When Ramsey suggests Robin “live on beans and rice” he doesn’t mean it quite so literally, but rather that living a frugal lifestyle and cutting spending where you can can help you boost your savings. So skip the steakhouse dinner and make some pasta at home.

While spending money is inevitable no matter how frugal you are, using a tool like Acorns* — an automated savings and investment app — can make the most out of your spending.

When you make a purchase on your credit or debit card, Acorns automatically rounds up the price to the nearest dollar and places the excess into a smart investment portfolio.* This way, even the most essential spending translates to money saved for the future.

Living frugally doesn’t have to mean eliminating “want” purchases either. But you do need to spend smart when you’re spending — that means optimizing your savings and avoiding debt.

While finding credit cards with enticing rewards rates is commonplace, it's not as common for checking accounts. With a Rewards Checking Plus account from Upgrade, you can earn up to 2% cash back.*

With no monthly fees or minimum balance*, you can spend on your needs — and maybe even a few wants — without getting yourself into debt. All the while, you’ll earn some solid cash back to put towards your nest egg.

If you really want to amp up your retirement savings, a high yield savings account* can help you do just that, offering much more competitive returns than the national average of 0.4% APY.

For a streamlined look at which high-yield savings account is best for you, you can check out our guide to the Best High-Yield Savings Accounts of 2024* to see which option is right for your savings to grow.

Read more: Thanks to Jeff Bezos, you can now cash in on prime real estate — without the headache of being a landlord. Here's how

Tap into home equity

You don’t need to sell your home to realize its value. A home equity line of credit or HELOC could increase your cash flow. If the interest rate on this credit line is attractive, you could use it to pay off debt and reduce long-term expenses.

You could also get a cash-out refinance loan from Rocket Mortgage.* Since a HELOC is considered riskier due to variable interest rates, meaning you may pay more over the lifetime of a loan, a cash-out refinance might be the best option.

A cash-out refinance* is a form of mortgage refinancing that lets you borrow a larger mortgage than you currently have in exchange for access to your home’s equity — aka what you’ve already paid off of your home’s value.

With Rocket Mortgage, it takes just three minutes to get a credit approval* and brings you one step closer to finding the best cash-out refinance loan for you.

Tap into insurance

Home insurance policies allow you to cash out a certain amount before maturity. If a policy is no longer needed, consider this option to boost your retirement savings — but only as a last resort.

Consult your tax professional or financial adviser* before pulling the trigger.

WiserAdvisor* — an online platform connecting you to vetted financial advisors— is a great option to explore to find the best financial advisor for you.

After filling in some information about yourself and your finances, WiserAdvisor matches you with two to three FINRA/SEC registered financial advisers* best suited to help you with your financial goals.

Reinvest dividends

You can boost your passive income by reinvesting it for a short period.
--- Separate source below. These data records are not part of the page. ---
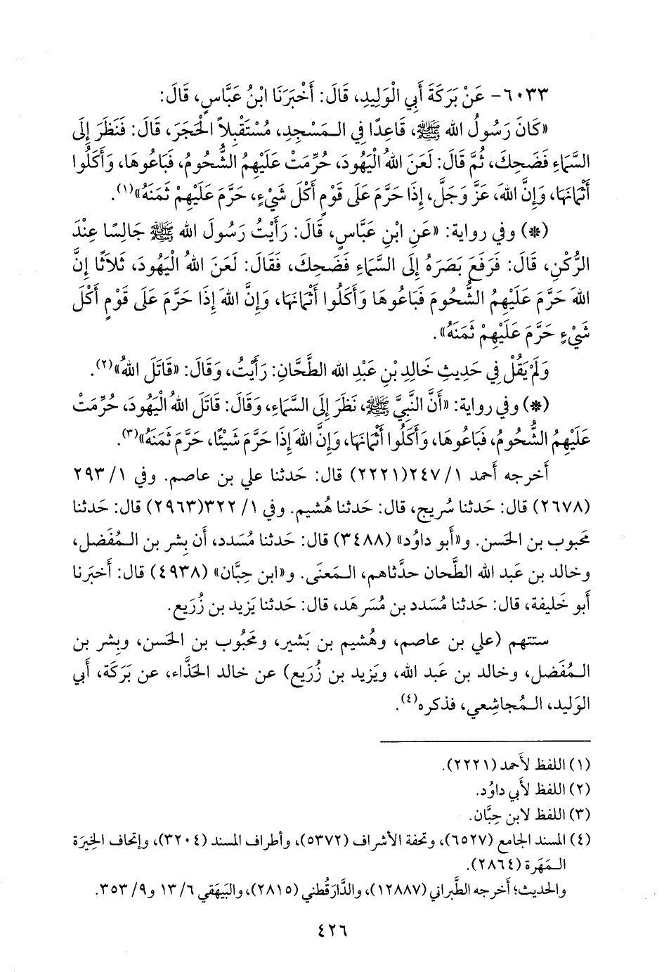 - وفي رواية: «عن ابن عباس، قال: رأيت رسول الله صَلى الله عَليه وسَلم جالسا عند الركن، قال: فرفع بصره إلى السماء فضحك، فقال: لعن الله اليهود، ثلاثا إن الله حرم عليهم الشحوم فباعوها وأكلوا أثمانها، وإن الله إذا حرم على قوم أكل شيء حرم عليهم ثمنه».
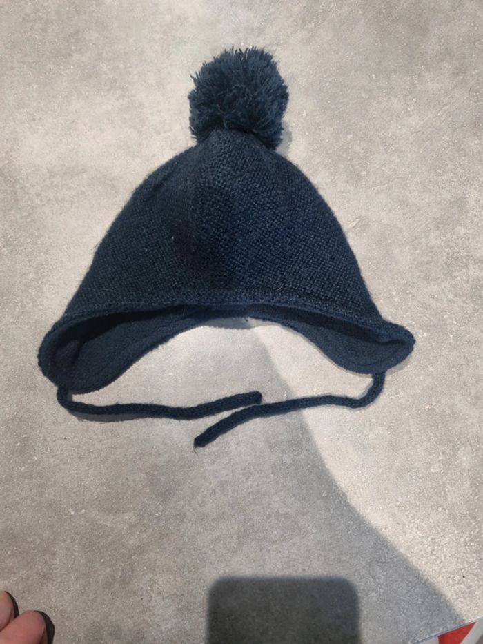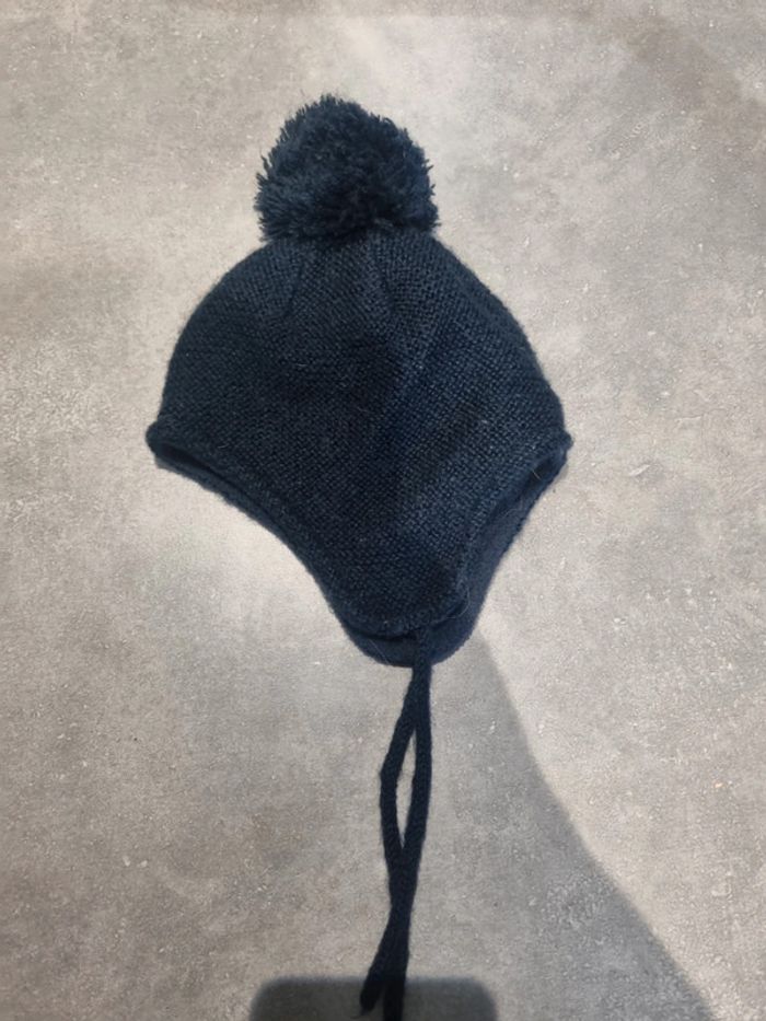 Bonnet bébé garçon bleu foncé à pompon
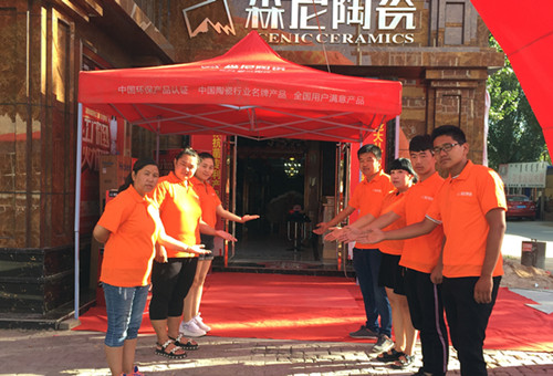 冬日暖陽(yáng),熱情森尼。2014年12月16日至17日,森尼2015年經(jīng)銷商年會(huì)在順德樂(lè)從財(cái)神酒店隆重舉行,順成企業(yè)執(zhí)行董事潘錦輝、森尼陶瓷銷售總經(jīng)理王庭龍、森尼陶瓷全國(guó)經(jīng)銷商、新聞媒體記者及森尼公司全體員工等共380多人參加了此次年會(huì)活動(dòng)。本次年會(huì)別出心裁地使用了“激情·夢(mèng)想”作為年會(huì)主題,并于16日正式拉開(kāi)帷幕。在森尼佛山營(yíng)銷中心彩旗飄揚(yáng),張燈結(jié)彩,一片生機(jī)勃勃、歡樂(lè)喜慶的新景象。森尼品牌全體員工精神飽滿,衣冠整潔,面帶微笑,懷著充滿激動(dòng)的心情,迎來(lái)了遠(yuǎn)方的客人。深情不變熱迎家人氣勢(shì)磅礴的拱門與彩旗,大紅高掛的豎幅,溫馨喜慶的展廳布置,精致可口的點(diǎn)心,激情的樂(lè)隊(duì)表演,豐富多彩的文化墻,為森尼品
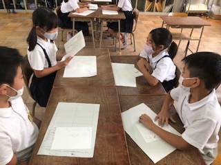 次に司会が中心となって話し合いをします。カードにを並べてみて、仲間分けをしました。その中から、いちばんいいと思った「合い言葉」を各グループで決めて発表しました。どのグループも、今、自分たちが頑張ろうとすることをよく話し合ってまとめていました。
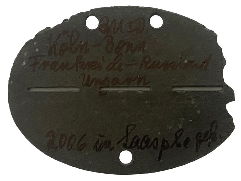 INF.PZ.JG.E.KP.211 Zinc Dog-Tag of the Infanterie-Panzerjäger-Ersatz-Kompanie 211 in relic condition. With Soldier-ID: 1026 and Blood-type: O
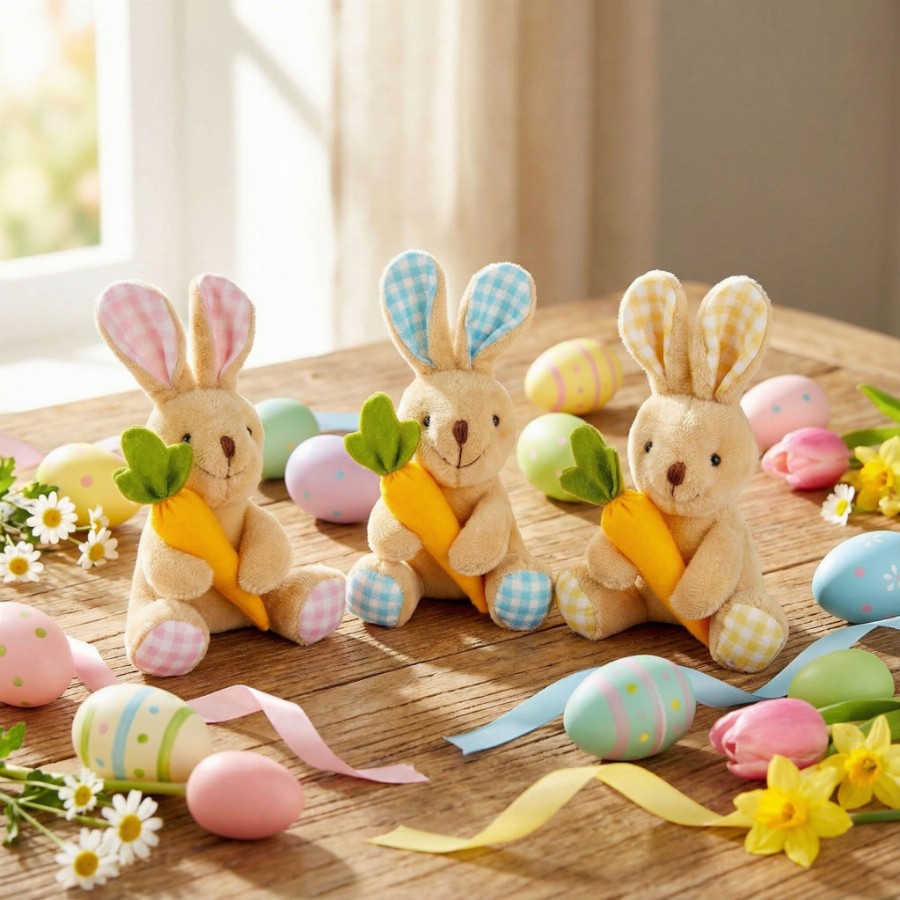 Textil dekoráció - nyuszi - 15 cm - 3 féle Vidám húsvéti hangulatot varázsolhat otthonába ezzel a bájos textil nyuszival! A puha plüss anyagból készült figura aranyos kialakításával és kedves részleteivel garantáltan mosolyt csal az arcokra. A 15 cm-es méretének köszönhetően tökéletes dekorációs elem lehet asztalon, polcon, ágyon vagy akár ajándékként is. A nyuszi
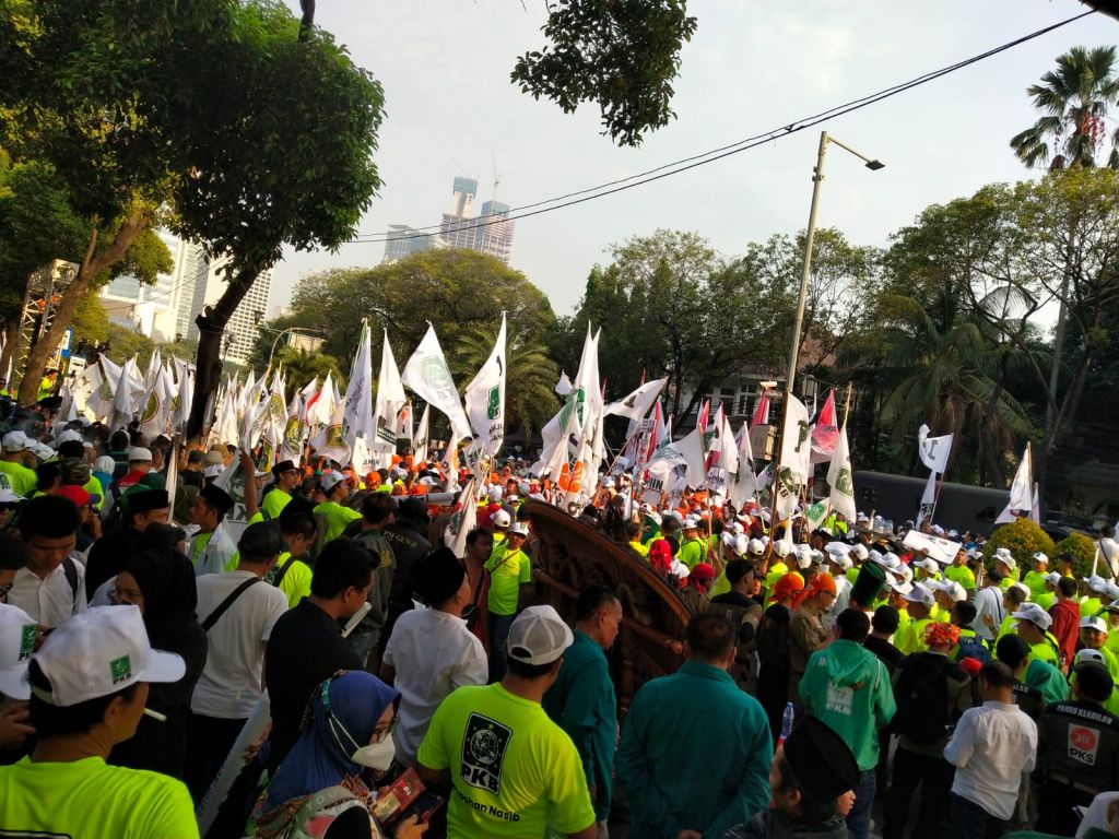 Sementara di belakang mereka Ketua Umum NasDem Surya Paloh beserta Presiden PKS Ahmad Syaikhu ikut mendampingi. Mereka dikawal oleh lautan massa dari NasDem Tower hingga KPU.ran
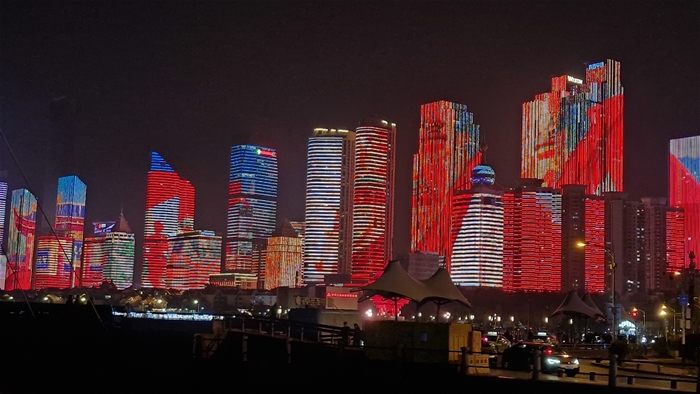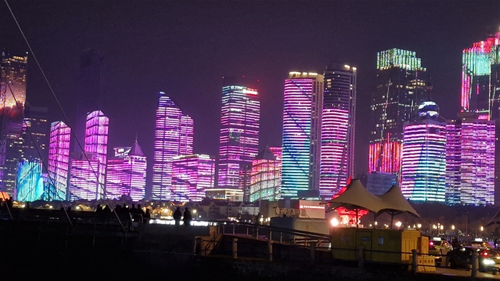 청도의 랜드마크 오월의 바람 조각상이 있는 밤야경 그야말로 홍콩의 야경을 보는듯한 풍경 눈이 휘둥거려진다. 건물을 감싸고 있는 불빛이 휘황찬란하다
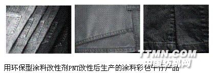 經環保型涂料改性劑PNT改性后,帶了陽電荷的纖維在涂料分散液中進行靜電吸附使涂料附著于纖維表面較傳統粘合劑的深度提高50%以上,其提升率可達100g/l以上(見圖四)涂料的利用率明顯增高,深度明顯提高,手感明顯改善,基本可染深色。
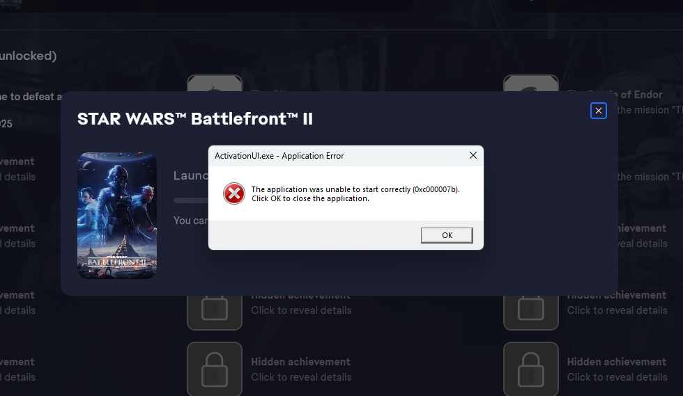 When I start the game through EA or even Epic I keep getting the same 0xc000007b error code. I have already reinstalled all my Visual C++, tried running it on both my of drives, and verified the files countless times. I have updated drivers as well and I was able to play last May so none of this makes any sense.
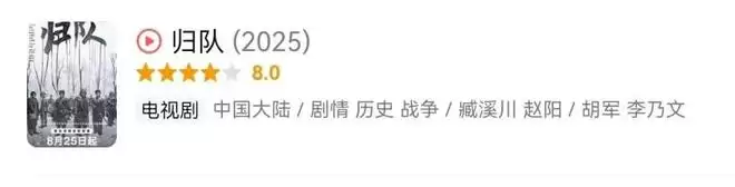 第六名,《归队》 评分8.0
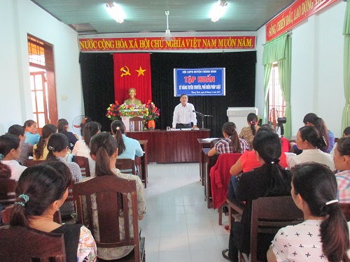 Đ/c Lê Đình Thành - Trưởng phòng Tư pháp huyện – người trực tiếp báo cáo cho lớp tập huấn đã triển khai một số luật liên quan đến quyền và lợi ích hợp pháp của phụ nữ và trẻ em như Luật Hôn nhân gia đình, Luật phòng chống bạo lực gia đình, Luật phòng chống mua bán người, Luật đất đai, Luật Nghĩa vụ quân sự,…qua đó đã giúp chị em hiểu rõ hơn một số luật để phục vụ tốt hơn cho công tác tuyên truyền, vận động nhân dân và hội viên phụ nữ trong thời gian tới.
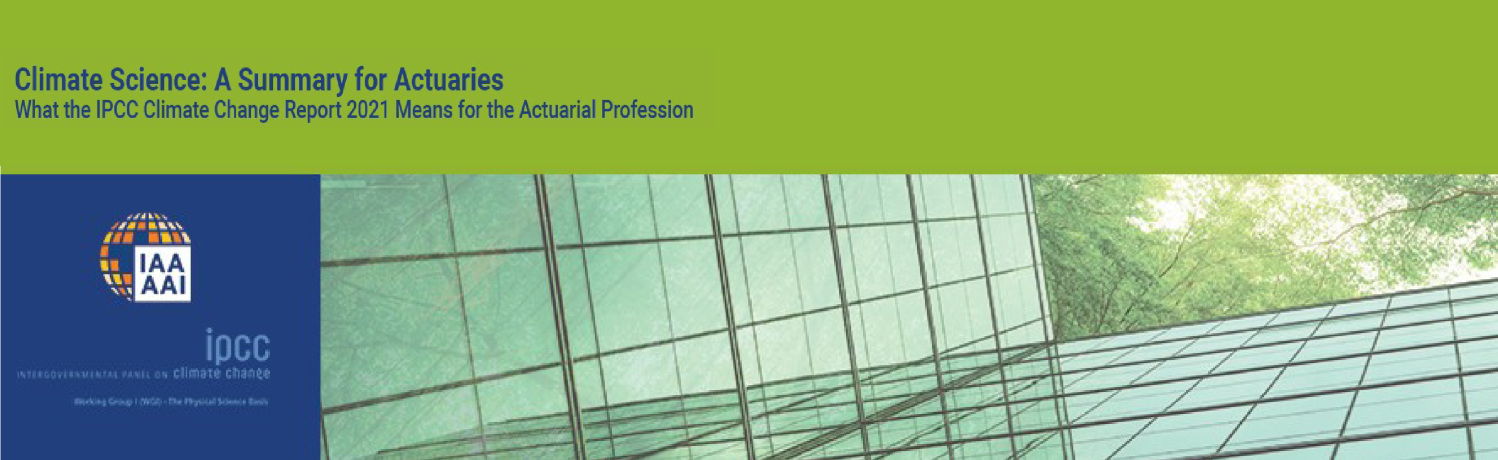 Le 16 mars 2022, l'Association actuarielle internationale (AAI) a annoncé la publication de Climate Science : A Summary for Actuaries, préparé par le groupe de travail sur le risque climatique du comité exécutif de l'AAI en association avec l'unité de soutien technique du groupe de travail I du Groupe d'experts intergouvernemental sur l'évolution du climat (GIEC) des Nations Unies. Ce résumé, basé sur le sixième rapport d'évaluation du groupe de travail I du GIEC publié en août 2021, est adapté à la communauté actuarielle afin de fournir un aperçu utile de ce que le rapport du GIEC signifie pour la profession.
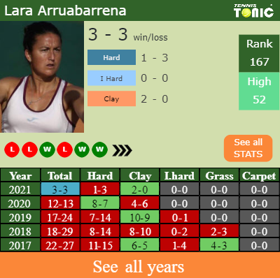 Arruabarrena-Vecino has a positive match record in the last 10 years having won 51% of her matches (215-209). 2-0 on clay in 2021. Regarding her performance on the same surface of this tournament, Arruabarrena-Vecino has a 106-76 record in the last years on clay.
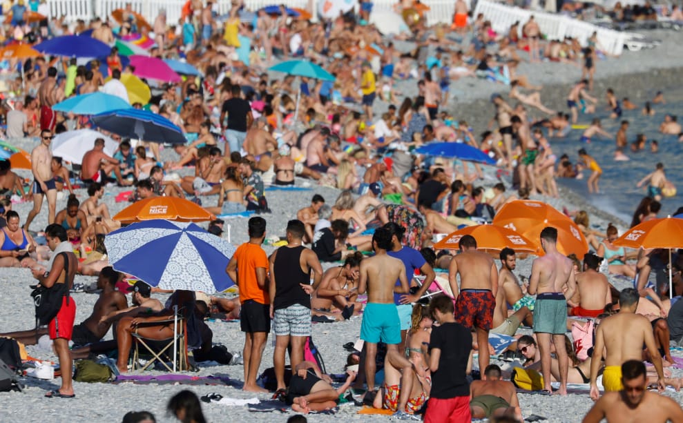 在尼斯(Nice)的盎格魯街(Promenade des Anglais)海濱,大批當地民眾聚集在沙灘上,享受溫暖的夏日陽光。

A Dividend Reinvestment Plan, or DRIP, can allow you to deploy your regular dividends into acquiring more stock. These programs can expand your nest egg considerably.

Implementing the company’s DRIP program could double your capital in nine years, depending on the stock's performance during that time.

If you’re keen on reinvesting dividends, Robinhood* — an automated investing app — might be the way to make the most of your money.

Robinhood allows you to buy fractional shares of an investment and doesn’t charge a commission to trade stocks, options or crypto.

With features like automatic investing, in-app investing guides, and 24/7 access to their customer service team, Robinhood makes it easy to boost your passive income* without worrying about doing it all on your own.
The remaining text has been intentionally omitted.